1. Image of a byte file
2. Unigrams Dataframe
I have extracted images out of the asm files. Below are the sample images of the byte file of 3 classes of malware.
An Image from Class 1 (Ramnit)
An Image from Class 2 (Lollipop)
An Image from Class 3 (Kelihos_ver3)
I have reduced the 257-dimensional data to 2-dimensional data using T-SNE. Below is the scatter plot of the 2-Dimensional data. Each color represents a different class. We can see that similar colored points are clustered together with some overlap in the center of the image.
T-SNE mainly preserves the local structure of the data while converting high dimensional data to low dimensional data. It also suffers from crowding problem. This might be the reason that we see some overlap in the center of the image. There is a high chance that these data points are well separated in the 257-dimensional space.
The first model that I am using is the Random Forest. It is a pretty good model to start with. I have 100 decision trees(n_estimators = 100) with a depth = 10.
I have sampled 80% of the data as my training data and 20% of the data as my test data. I have used stratified sampling since the distribution of the classes is not uniform.
Performance:
Accuracy on Training Data: 98.98%
Accuracy on Test Data: 97.79%
I have extracted the first 800 pixels from images that I have created and appended it to the unigrams dataframe. I have also added the byte file size and asm file size of each file to the unigrams dataframe.

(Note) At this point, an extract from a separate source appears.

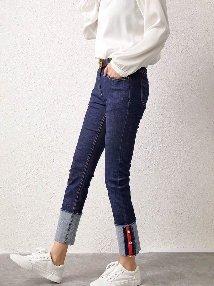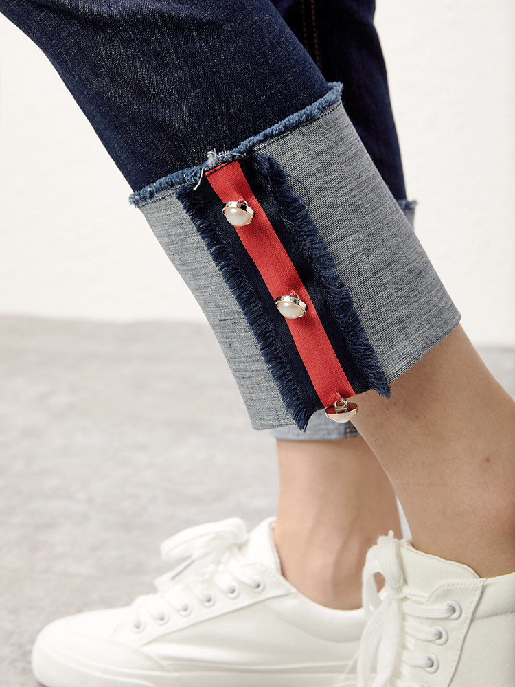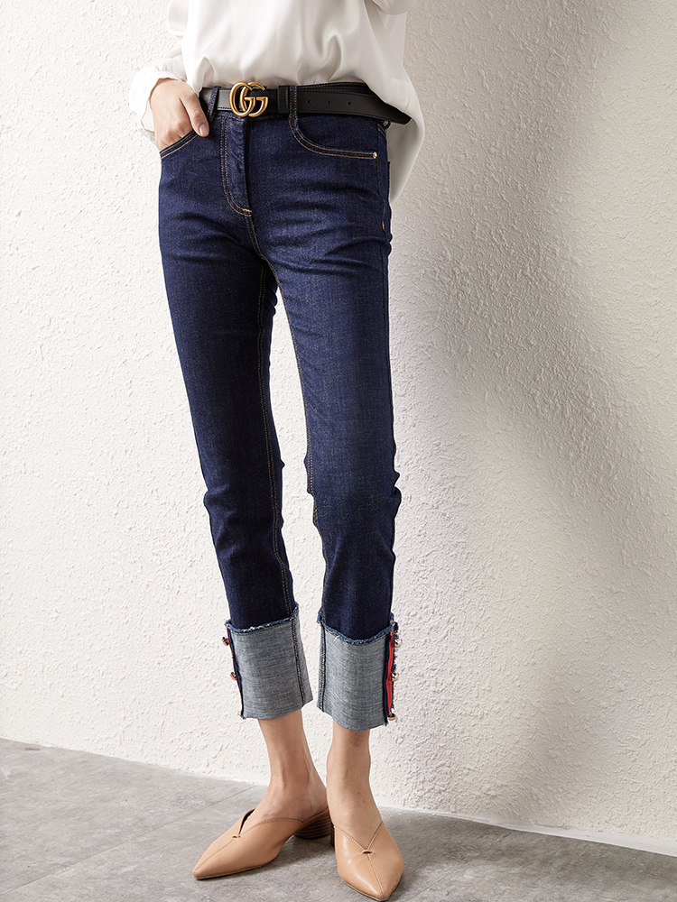 U Home Dark Blue High Waist Display Slim Jeans Casual 100 Lap Straight Barrel Pants Children Spring Autumn 2022 new Korean version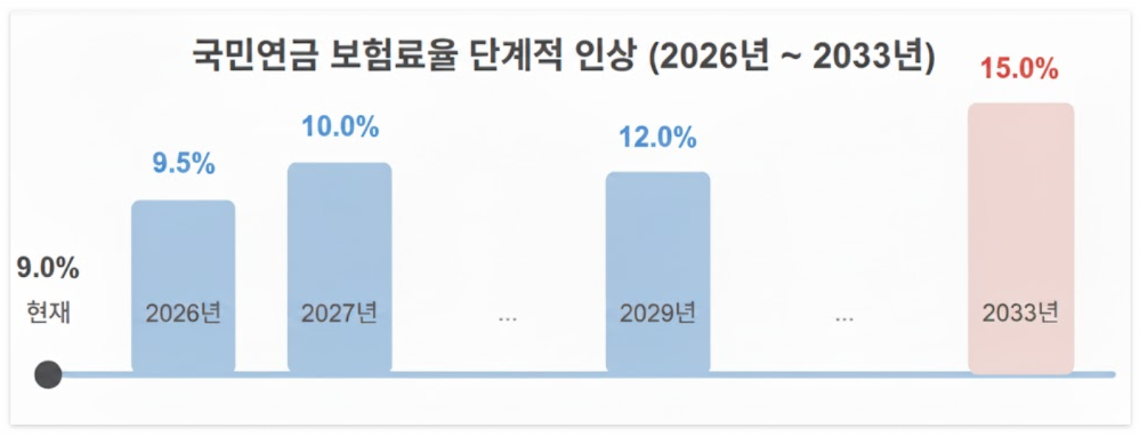 8년간 단계적 인상: 국민연금 보험료율 (9% → 13%)

After appending the image features and file sizes to the unigrams dataframe, the dataframe contains:
10868 rows.
1060 columns.
I have decided to use XG Boost for modeling. I have done hyperparameter tuning using random search and found out that the best hyperparameters are:
n_estimators = 800
max_depth = 3
Performance:
Accuracy on the training set: 100%
Accuracy on the test set: 99.218%
Data is the main limitation.
My model can only detect a malware file belonging to any one of the 9 classes.
If we have access to the labeled data of the other families of Malware files, we can extend our model to detect malware files belonging to other families of malware.
References:
Raff, Edward, Richard Zak, Russell Cox, Jared Sylvester, Paul Yacci, Rebecca Ward, Anna Tracy, Mark McLean, and Charles Nicholas. "An Investigation of Byte N-gram Features for Malware Classification." Journal of Computer Virology and Hacking Techniques 14.1 (2016).
Nataraj, L., S. Karthikeyan, G. Jacob, and B. S. Manjunath. "Malware Images." Proceedings of the 8th International Symposium on Visualization for Cyber Security - VizSec '11 (2011).
Masud, Mohammad M., Latifur Khan, and Bhavani Thuraisingham. "A Scalable Multi-level Feature Extraction Technique to Detect Malicious Executables." Information Systems Frontiers.